I will take exception to your second part, and say that where Fox does do better is the airtime given to other views. All manner of lefties are given serious airtime on FoxNews, both on the opinion and journalism shows. You see fewer conservatives on MSM, and they are always labeled as such. Every one of Brit Hume's broadcasts ends with the "all star panel" which will include either Juan Williams or Maura Liasson from NPR, or Cici Connelly from WaPo (sp? on all names).

The idea of a forceful conservative challenging Dan Rather or Peter Jennings at the end of the show is too incredible to imagine, yet it happens every night on Fox.

Lastly, I think Hinderocker is right that there is such a paucity of Conservative voices at CBS, bias is never challenged. There are several liberal voices at Fox, and I think this prevents the myopia that facilitated RaTHergate.

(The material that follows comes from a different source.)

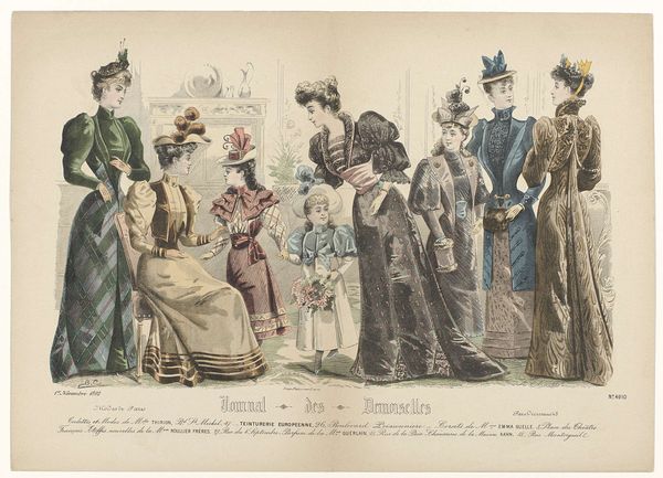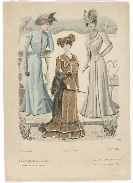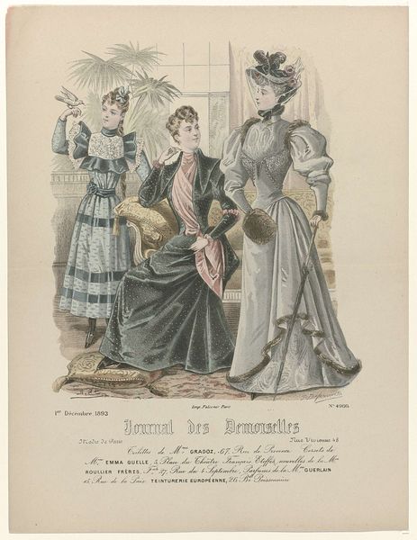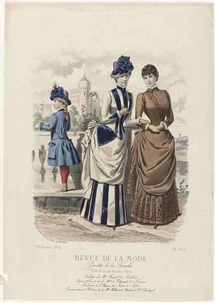 This fashion plate was published in Paris in 1887, offering a snapshot of late-19th-century style. It’s made through printmaking, a process that allows for mass production and wide distribution. The material of the print itself, paper, is relatively inexpensive, in contrast to the luxurious textiles and elaborate embellishments depicted. Think of all the labor involved in creating these garments: the spinning of thread, weaving of fabric, cutting, sewing, embroidery, and trimming. Each dress represents countless hours of work. The print acts as a promotional tool, fueling consumer desire and demand for fashionable goods. It highlights the relationship between art, commerce, and the burgeoning fashion industry, which employed countless workers at all levels of society. By focusing on the material and processes represented here, we realize that this image is not just a pretty picture, but a window into the economic and social realities of its time.

Posted by: jk at January 12, 2005 09:18 AM

No teeth gnashing here over your reply, but a quibble none the less. Much of the serious airtime given to liberals on Fox is the pairing of forceful hard conservative with a soft spoken moderate liberal, a class to which I would put both Liasson and Williams. The Hannity and Colmes show is the epitome of this.

Posted by: Silence Dogood at January 12, 2005 02:52 PM

I can't defend "Hannity & Colmes" but Juan Williams is a forceful voice, almost always orthogonal to Brit Hume's or Fred Barnes's. Maura and Cici are a little more soft spoken, but they provide a quieter, intellectual voice along the lines of Bill Kristol's.

And, we are comparing the voice of Williams or Liasson or Connelly to whom? There is NO voice on Dan Rather's, Peter Jennings's or Tom Brokaw's broadcasts. My buddy John Stossel somehow climbed the ladder at ABC (kudos to ABC) but a conservative voice on the nightly news broadcasts would be a huge step up for the MSM.